Köy birliği Antep’teki Heyeti Merkeziye ile temas kurmuştu. Mehmet Yılmaz, Mehmet Aslan ve arkadaşları Köy birliğin: temsil etmişlerdir. İkizkuyu, Şahinbey Savaşlarında da bulunan köyümüz çetelerimiz Dokurcum köyü civarında Mehmet Bozsöğüt isimli bir de şehit vermişlerdir. Gaziantep şehrinde başlıyan savaşlardada köyümüz çeteleri vazife almışlardır. Kurtuluş Savaşından sonra ve okul faaliyete geçtikten sonra mîllî günleri köyümüz de kutluyoruz. Bu törenler, köyümüz halkınmda milli duygularını kuvvetlendirici bir netice doğurduğundan çok faydalı olmaktadır.

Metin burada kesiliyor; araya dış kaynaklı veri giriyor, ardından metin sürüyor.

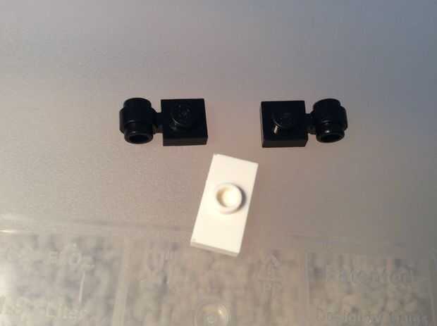 Para empezar la torreta, tome una placa de puente blanco y negro dos 1 x 1 con postes de madera y colocarlos como tal.

Köyümüzde, eskiden beri çocuk ölümü çok olmakta idi. Doğum sebebiyle gebe kadınların öldüğü sık sık rastlanırdı. Hatta şehre hayvan sırtında nakledilirken ölen, çalı diplerinde doğum yapan kadınlarımız vardı. Ben muhtar olmazdan evvel bu gibi durumlara çok üzülürdüm. Gaziantep’te Ana çocuk sağlığı merkezi kurulunca var gücümle köyümüzde bir istasyonun açılması için çalışmıştım. Doktor Hayri Ayasın yardımı ile 1957 yılında köyümüzde Ana çocuk sağlığı istasyonu kurulunca, o gün benim en mesut olduğum günlerden biri oldu. Köyümüzde okul açılması içinde çok çalışmıştım. Köyün en kıymetli arazilerinden sayılan 1,5 dönümlük tarlamıda okul yaptırmak üzere Maarife bağışladım. 7 yıldan beri köyümüz çocukları okula kavuşmuş bulunuyorlar. İlk mezunlardan birkaçıda orta öğretime devam etmektedirler.

Köyümüzde 1963 yılında Kız sanat nakış dikiş kursunun açılması için de çok çalıştım. Valimiz Salih Tanyeri ve Maarif müdürü Aziz Gözaça’nın yardımları ile açılan kursta birçok genç kızlarımız ve kadınlarımız çok istifade etmişlerdir. Kurs sırasında verilen konferanslar çok faydalı sonuçlar doğurmuştur.

Karacaburç hakkında söylenecek çok şey var. Yazı çok uzadığından ben kısa kesiyorum.

Karacaburç kalkınmak için çırpınan binlerce Türk köyünden biridir. Köylerimizin gerçek kalkınması için her köyümüzün coğrafi, tarihî durumunu, köylülerin kültürel, ekonomik varlıklarını iyice bilmek gerektir. Bir köy için faydalı olan bir tetbir başka bir köy için zararlı olabilir. Köylerle ilgilenen Aydınlarımızın ve devlet adamlarımızın emeklerinin boşa gitmemesi için, evvelâ köylerimizin durumlarını incelemelerini temenni ederim.